Rocket with only solid fuel and no tank structure

A ‘self-eating’ rocket engine which could place small satellites in orbit more easily and more affordably is under development at universities in Scotland and Ukraine.

Engineers from the University of Glasgow and Oles Honchar Dnipro National University in Ukraine discuss how they have built, fired, and for the first time throttled up and down an ‘autophage’ engine which could change how small satellites are sent into space.

Today, most rockets use tanks to store their propellant as they climb, and the weight of the tanks is usually many times greater than the weight of the useful payload. This reduces the efficiency of the launch vehicle, and also contributes to the problem of space debris.

However, a launch vehicle powered by an autophage engine would consume its own structure during ascent, so more cargo capacity could be freed-up and less debris would enter orbit.

Journal of Spacecraft and Rockets- Autophage Engines: Toward a Throttleable Solid Motor

Rockets have about 1-5% of their mass as payload. Getting rid of the fuel tank structure completely can enable more payload and less inert mass.

The autophage engine consumes a propellant rod which has solid fuel on the outside and oxidizer on the inside. The solid fuel is a strong plastic, such as polyethylene, so the rod is effectively a pipe full of powdered oxidizer. By driving the rod into a hot engine, the fuel and oxidizer can be vaporized into gases that flow into the combustion chamber. This produces thrust, as well as the heat required to vaporize the next section of propellant.

Simply by varying the speed at which the rod is driven into the engine, the researchers have shown that the engine can be throttled – a rare capability in a solid motor. Currently, the team have sustained rocket operations for 60 seconds at a time in their lab tests.

“A rocket powered by an autophage engine would be different. The propellant rod itself would make up the body of the rocket, and as the vehicle climbed the engine would work its way up, consuming the body from base to tip.

“That would mean that the rocket structure would actually be consumed as fuel, so we wouldn’t face the same problems of excessive structural mass. We could size the launch vehicles to match our small satellites, and offer more rapid and more targeted access to space.

“While we’re still at an early stage of development, we have an effective engine testbed in the laboratory in Dnipro, and we are working with our colleagues there to improve it still further. The next step is to secure further funding to investigate how the engine could be incorporated into a launch vehicle.

Abstract

This paper describes the instrumented test firing of a rocket that seeks to combine the throttleability of a liquid-fueled engine with the simplicity of a solid motor. The concept is that a differentiated fuel and oxidizer rod is forced into a vaporization unit where its constituents transition into separate propellant gases, which are then mixed in a combustion chamber.

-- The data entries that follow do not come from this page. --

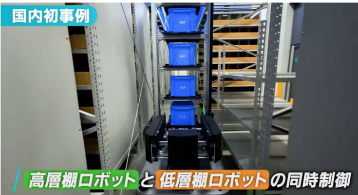
高層棚ロボットと低層棚ロボットの同時制御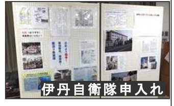
伊丹自衛隊申入れ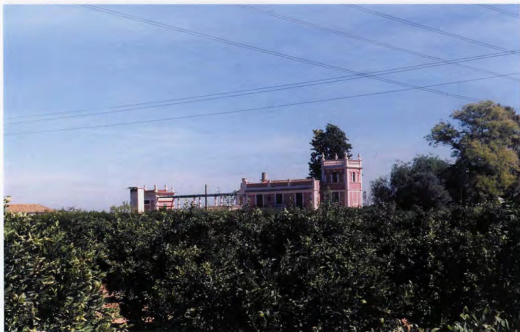
Hort de Gamón, vista general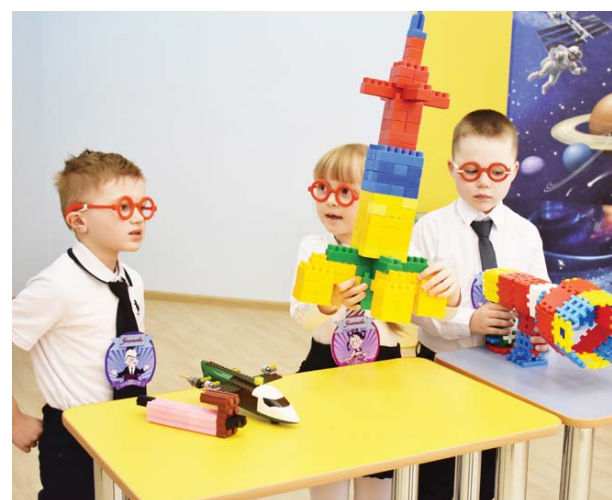
«Знайки» из детского сада «Улыбка» стали лауреатами турнира.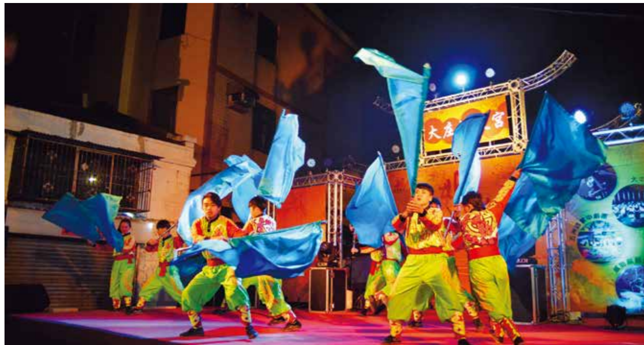
威勁龍獅武術戰鼓團博得滿堂彩

「二月瘋鑼鼓、三月痛媽祖」，臺中市政府文化局舉辦「2017 臺中媽祖國際觀光文化節—百年宮廟風華」系列活動，以臺中特色為基礎、年輕化為號召，自 1 月 31 日至 5 月 20 日邀請超過 40 組表演團隊，在全市 12 座百年宮廟熱鬧登場。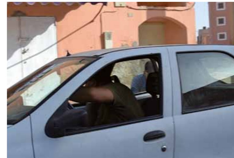
Efter övergreppen försöker de civilklädda poliserna dölja sin identitet.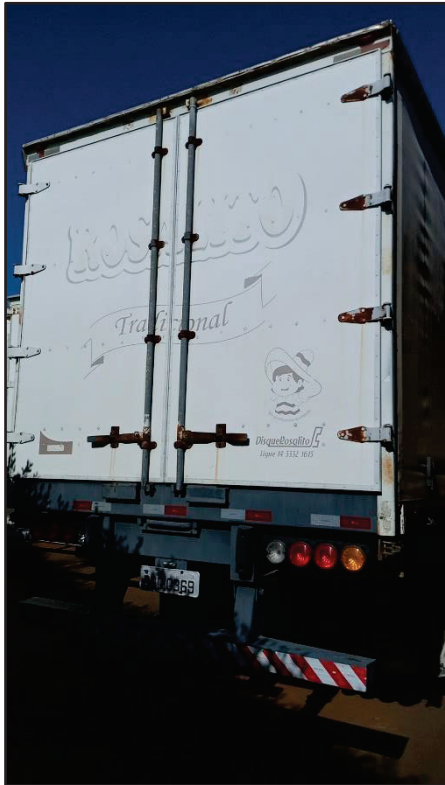
ITEM 003 - SEMI-REBOQUE FURGÃO FACCHINI PLACA: DGQ-0369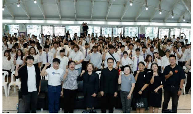
คณบดีคณะเทคโนโลยีสารสนเทศเป็นประธานเปิดโครงการฯ และถ่ายภาพรวมกัน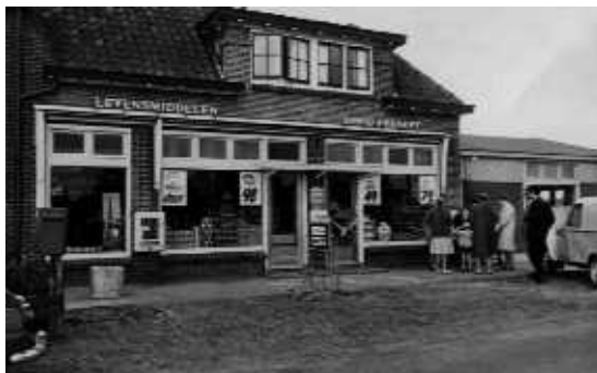
Het pand na de verbouwing in 1959

De zaken gingen goed, evenals het huwelijk, want er werden acht kinderen geboren.

The vaporization unit is heated by the combustion, and the throttle setting is adjusted by changing the force used to drive the solid propellant rod into the vaporizer, which naturally influences the propellant feed rate. In experiments using a solid propellant rod consisting of polypropylene fuel and a 1∶1.5 mixture of NH4ClO4 and NH4NO3 oxidizer, operations have been sustained for around 60 s. During testing, using propellant feed forces of between 250 and 900 N, propellant feed rates of between 100 and 300 mm/min have been achieved, which are in turn correlated to chamber pressures of between approximately 300 and 700 kPa. These correlated cycles of control input (the feed force), throttle response (the propellant feed rate), and implied thrust (the chamber pressure) demonstrate, for the first time, a simple solid rocket that can be throttled in real time.